### [WORK TASK]
Only the lines from the one containing "هر برگ با عشق" to the end of the data below belong in the answer, each repeated exactly; no pictures.

(SUPPLIED MATERIAL)

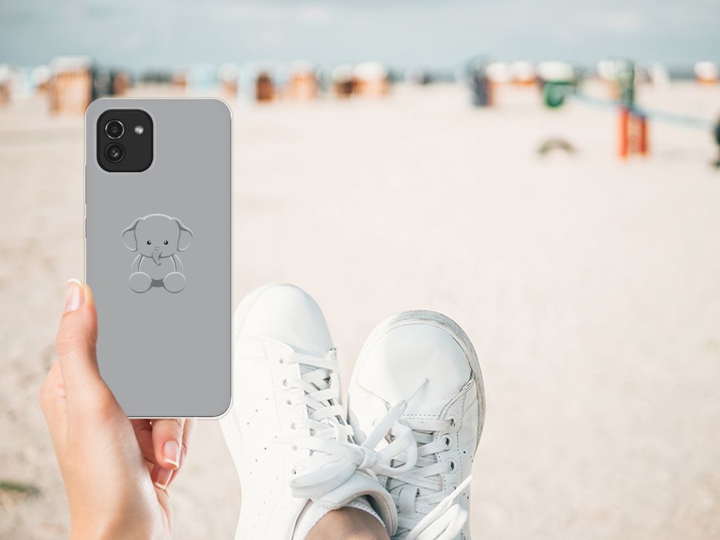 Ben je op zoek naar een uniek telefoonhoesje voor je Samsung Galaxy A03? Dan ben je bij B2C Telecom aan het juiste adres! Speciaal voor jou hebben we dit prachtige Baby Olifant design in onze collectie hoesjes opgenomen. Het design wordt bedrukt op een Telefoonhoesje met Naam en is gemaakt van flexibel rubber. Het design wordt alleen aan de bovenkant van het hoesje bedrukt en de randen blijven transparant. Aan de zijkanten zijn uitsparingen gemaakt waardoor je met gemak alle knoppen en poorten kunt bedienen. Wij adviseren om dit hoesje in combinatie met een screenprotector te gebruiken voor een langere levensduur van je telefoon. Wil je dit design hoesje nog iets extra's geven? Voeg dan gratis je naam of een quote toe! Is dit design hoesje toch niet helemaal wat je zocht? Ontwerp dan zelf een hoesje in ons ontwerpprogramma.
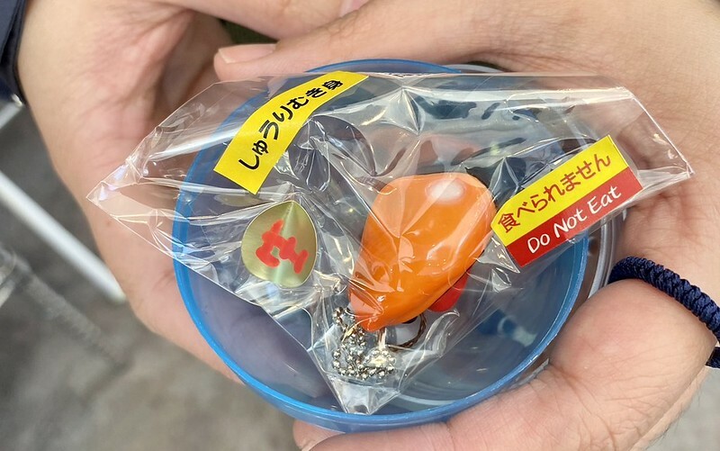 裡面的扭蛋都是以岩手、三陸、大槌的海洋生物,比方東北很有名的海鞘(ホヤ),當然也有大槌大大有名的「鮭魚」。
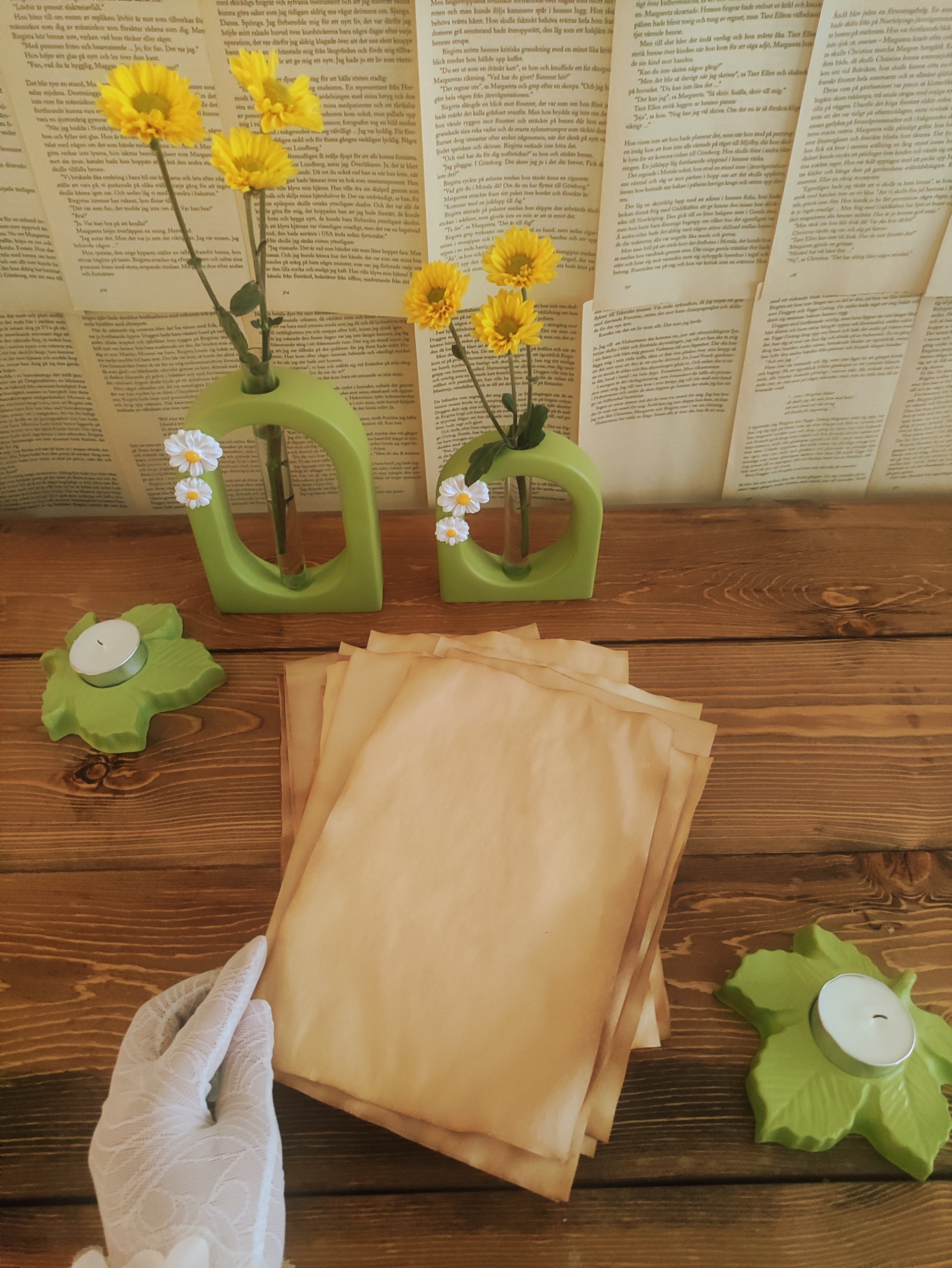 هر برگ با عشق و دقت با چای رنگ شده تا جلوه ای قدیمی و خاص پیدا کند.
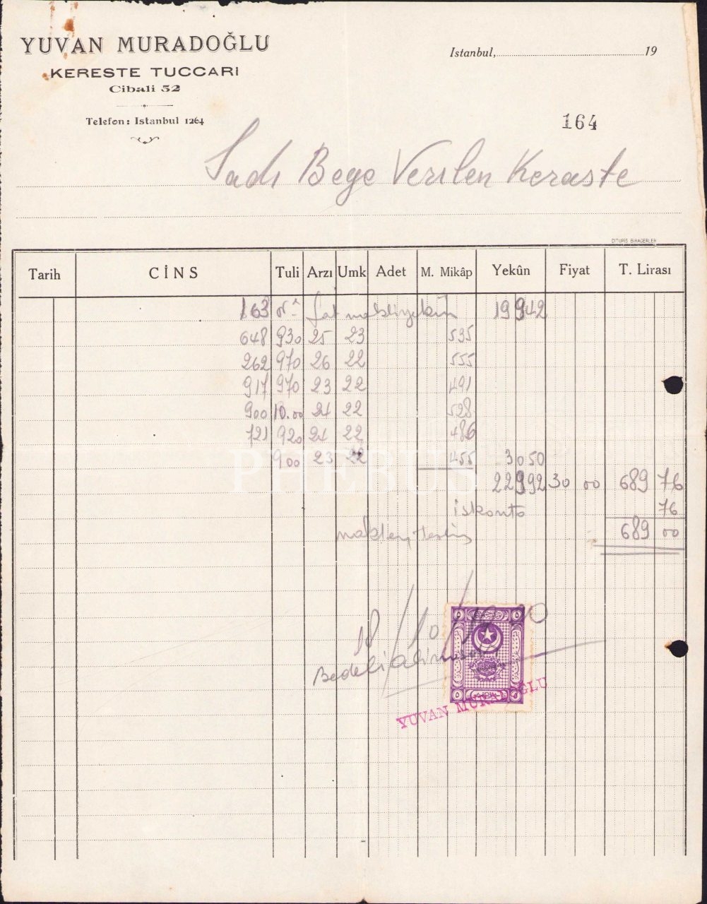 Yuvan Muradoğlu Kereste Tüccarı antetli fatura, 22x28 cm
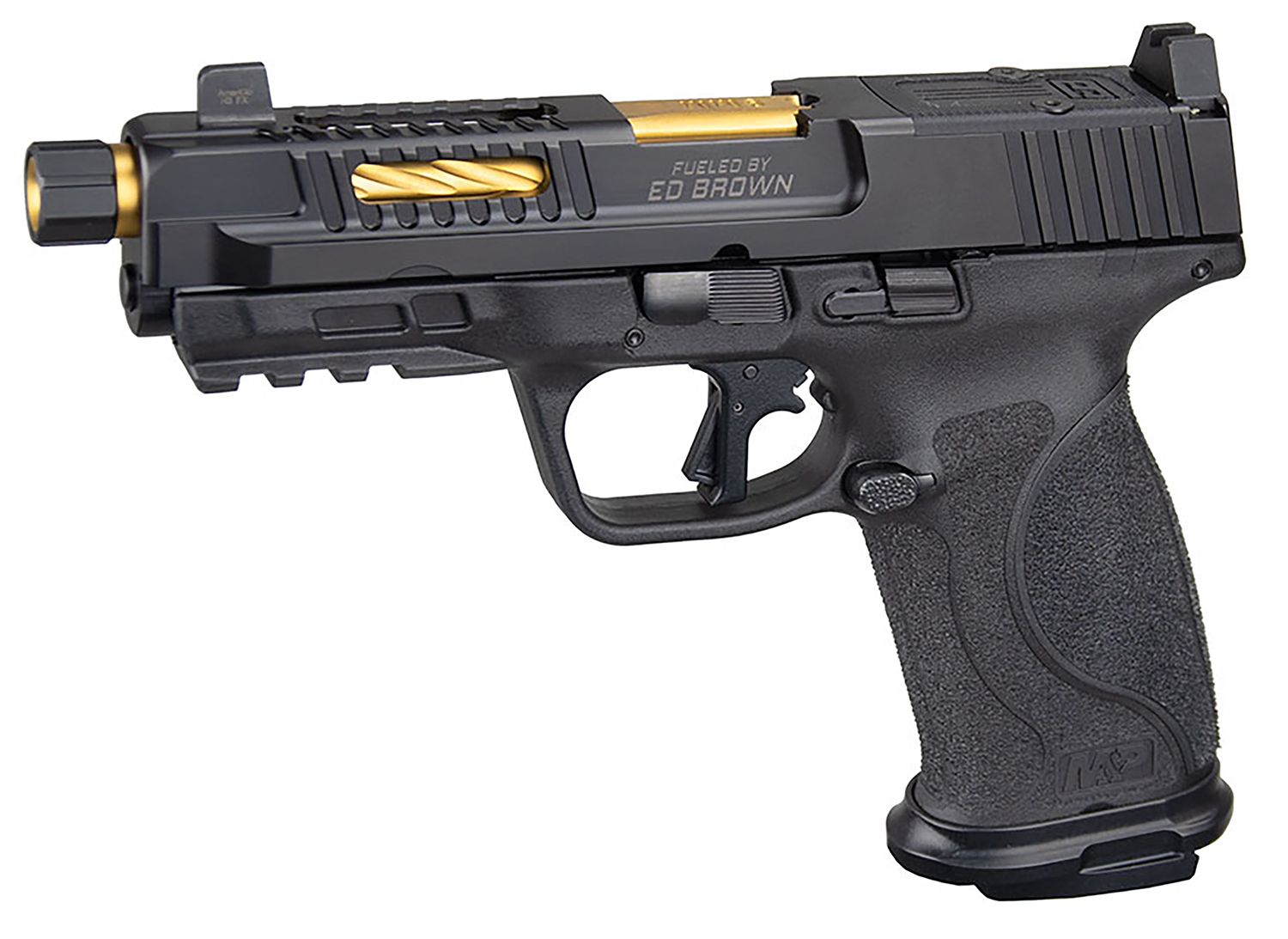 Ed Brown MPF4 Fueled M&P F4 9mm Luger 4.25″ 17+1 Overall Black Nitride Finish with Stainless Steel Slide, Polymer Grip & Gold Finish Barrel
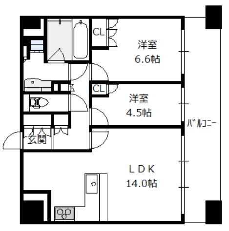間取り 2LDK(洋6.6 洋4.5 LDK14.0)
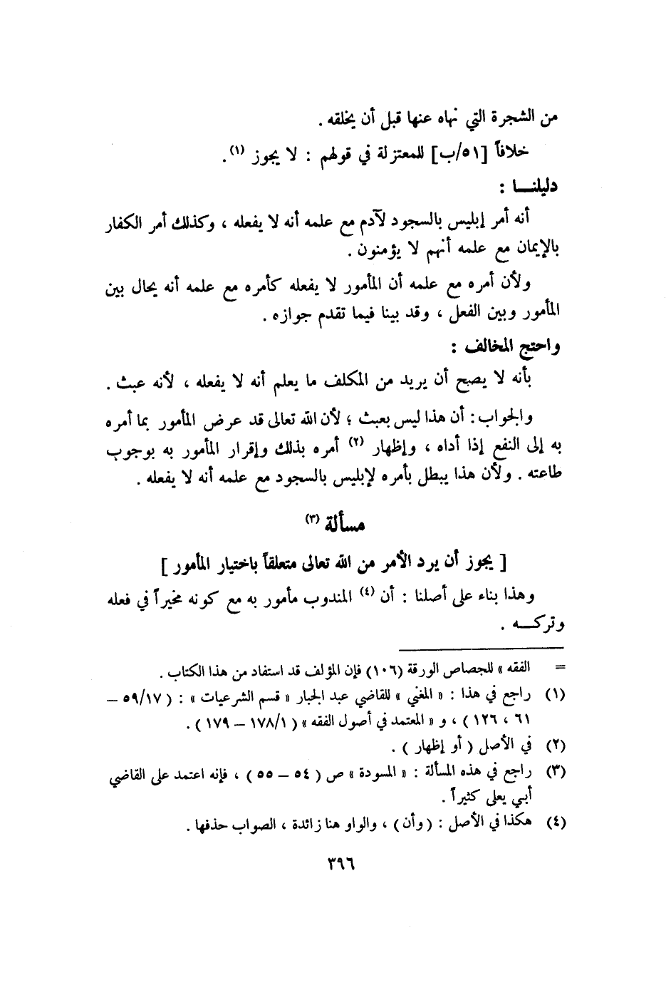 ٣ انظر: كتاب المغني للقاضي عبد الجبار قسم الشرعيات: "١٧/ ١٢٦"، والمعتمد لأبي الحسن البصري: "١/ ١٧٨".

(End SUPPLIED MATERIAL)

### [RESPONSE BOX]
 هر برگ با عشق و دقت با چای رنگ شده تا جلوه ای قدیمی و خاص پیدا کند.
 Yuvan Muradoğlu Kereste Tüccarı antetli fatura, 22x28 cm
 Ed Brown MPF4 Fueled M&P F4 9mm Luger 4.25″ 17+1 Overall Black Nitride Finish with Stainless Steel Slide, Polymer Grip & Gold Finish Barrel
間取り 2LDK(洋6.6 洋4.5 LDK14.0)
 ٣ انظر: كتاب المغني للقاضي عبد الجبار قسم الشرعيات: "١٧/ ١٢٦"، والمعتمد لأبي الحسن البصري: "١/ ١٧٨".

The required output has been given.